Prime Minister Aleksandar Vucic promised the IMF to restructure, close or sell hundreds of money-losing companies that robbed the budget of as much as $1 billion a year. The list includes coal miner JP PEU Resavica, the Rudarsko-topionicarski basen Bor copper miner, and chemical producers Azotara doo and Metanolsko Sircetni Kompleks MSK. After Serbia pared its fiscal gap to 1.4 percent of economic output last year from 6.6 percent in 2014, ending aid to companies would “cement gains,” Sosa said, though “vested interests” may make trims more difficult.
Serbia needs to “stop with subsidies, debt repayment, financing these companies through arrears for electricity or gas, or arrears for social security payments” and find “a permanent solution,” Sosa said.
The IMF mission will study budget spending and how that will affect this year’s fiscal outlook, Sosa said. They will also discuss progress on completion of earlier agreements to “ensure that the structural reform agenda is completed in this final year” of the current three-year program.
Vucic’s ruling Serbian Progressive Party has been able take advantage of cheap financing to cover deficits and debts after program support by the IMF helped the country restore investor confidence following a period of snowballing.

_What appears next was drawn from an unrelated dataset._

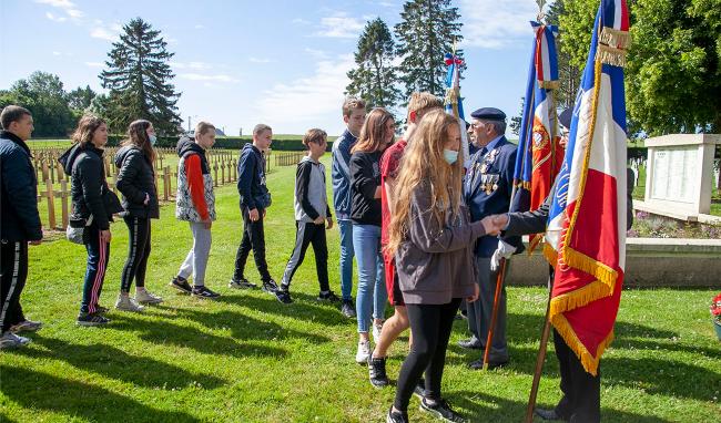 "Nous disposons aussi d’un large choix d’expositions sur des thèmes historiques qui sont proposés en prêt, mais notre action se décline d’abord sur le terrain sur des opérations mémorielles." Exemple parmi de nombreuses initiatives pilotées par l’ONACVG : une cérémonie du souvenir au cimetière La Désolation a réuni en juin dernier les élèves de SEGPA du collège Camille Desmoulins de Guise, l’IME Savart et l’École de la 2e chance de Vervins. Cette rencontre concluait un programme de rénovation et d’embellissement du lieu et s’est achevée par une minute de silence sur la tombe du chef de bataillon Marcel Cornic de la 5e brigade de chars de combat sur lequel les élèves avaient fait des recherches.
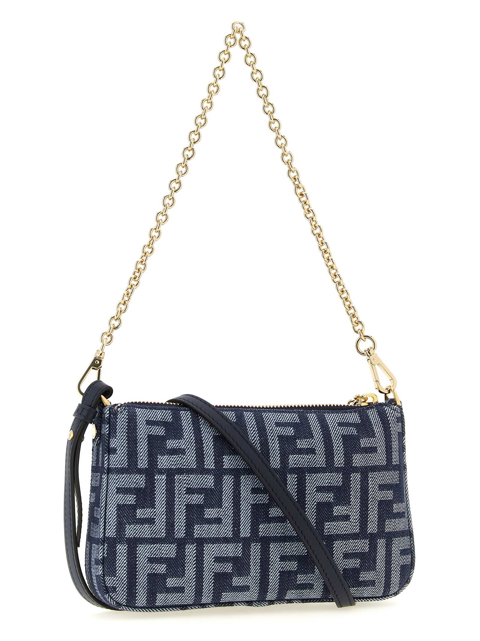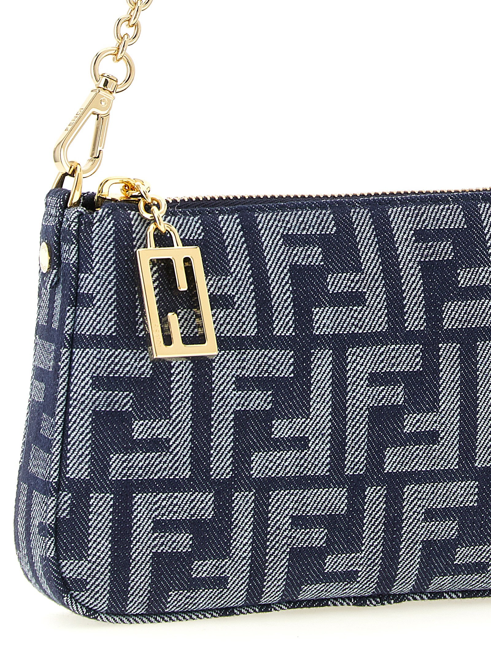 ‘Baguette’ denim-effect FF jacquard pouch, top zip closure with zip puller with iconic metal FF pattern, removable chain handle, adjustable and removable leather shoulder strap.

The economy will advance 3 percent in 2017 after a 2.7 percent expansion last year, mainly on “accelerated growth of private consumption and investment,” and inflation will reach the center of central bank’s target of 3 percent, plus or minus 1.5 percentage points, according to IMF forecasts.
In terms of monetary policy, the central bank has probably run out of room to cut interest rates any further as growth picks up and unemployment falls, Sosa said.
The National Bank of Serbia kept its benchmark interest rate unchanged on Tuesday, for the seventh month, citing an expected build-up of price pressures and concern over global market uncertainties and divergence in monetary policies of major central banks. The Serbian central bank should continue to monitor global trends and “be ready to act if the situation changes,” Sosa said.